Степанида улыбалась недавнему успеху и потягивала минеральную воду. Поставив стакан, она ощутила резь, прижала бок. Степанида приподняла рукав пиджака и взглянула на часы: если сейчас незаметно ускользнуть, успеет в кино с Дениской. Она сгорбилась и встала, потихоньку пробираясь через кресла.

— У вас вопрос, Степанида Евгеньевна? — молоденький диктор неуверенно вещал о новом программном обеспечении для изучения языков.

Степанида выпрямилась, поморгала несколько мгновений и строгим голосом спросила:

— Младшие школьники смогут использовать ваше приложение? Будущее за ними, и любой разработчик должен это учитывать.

Вынужденная слушать скучный ответ, Степанида с грустью поглядывала на дверь, которая манила глянцем стекла.

Педагог выбегала из зала, когда её окликнули. Двое мужчин шли в её сторону.

— Степанида Евгеньевна! — Бусманов приближался торопливым шагом, тряся пухлыми руками.

— Мосты горят, нам их не потушить, — Степанида крепко сжала портфель и свернула к гардеробу.

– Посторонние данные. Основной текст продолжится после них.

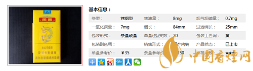 | 類(lèi)型 :烤煙型 | 焦油量 :8mg | 煙氣煙堿量 :0.7mg | 一氧化碳量 :7mg |

Игорь Степанович нагнал её, одаривая добродушной улыбкой. Его голос звучал пискляво:

— Забудем прошлое!

Степанида протянула номерок гардеробщице, схватила одежду, и, отклоняясь от объятий Бусманова, пошла к выходу.

Спутник Игоря Степановича, статный пожилой мужчина в тёмно-синем костюме, оказался рядом. Он кивнул головой Степаниде, взялся за массивные золотистые ручки и распахнул дверь. Она скользнула улыбкой по лицу незнакомца: тёплые глаза, густые усы. Выбежала на улицу.

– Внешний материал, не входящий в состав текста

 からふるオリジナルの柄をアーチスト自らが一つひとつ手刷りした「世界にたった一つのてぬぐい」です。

Степанида прижалась к белой колонне, вдыхая холодный вечерний воздух и находя в темноте успокоение. Мысли разбегались: боль, Бусманов, усы. Звук клаксона помог ей сфокусироваться на дороге. Степанида помассировала голову за ушами, распрямилась и пошла к такси. Время не оставляло возможности сдержать обещание, и Степанида назвала домашний адрес.

Светило субботнее полуденное солнце. Казалось, зима в последний день года уступила весне права, даря радость встречающим год новый. Степанида не чувствовала боли почти сутки и наслаждалась прогулкой с внуком. Они покатались на колесе обозрения, покормили голубей. Денис доедал пирожок с картошкой, оставался только каток — такое наказание назначил внук за пропущенный мультик.

— Я вижу! — заголосил Дениска, схватил бабушку за руку, и, подпрыгивая, потащил её к замёрзшему пруду.

— Стой, Дэнис, не так быстро! — Степанида болталась сбоку, как сломанная люлька мотоцикла.

— На английском, пожалуйста, Степанида Евгеньевна, — хохотал внук.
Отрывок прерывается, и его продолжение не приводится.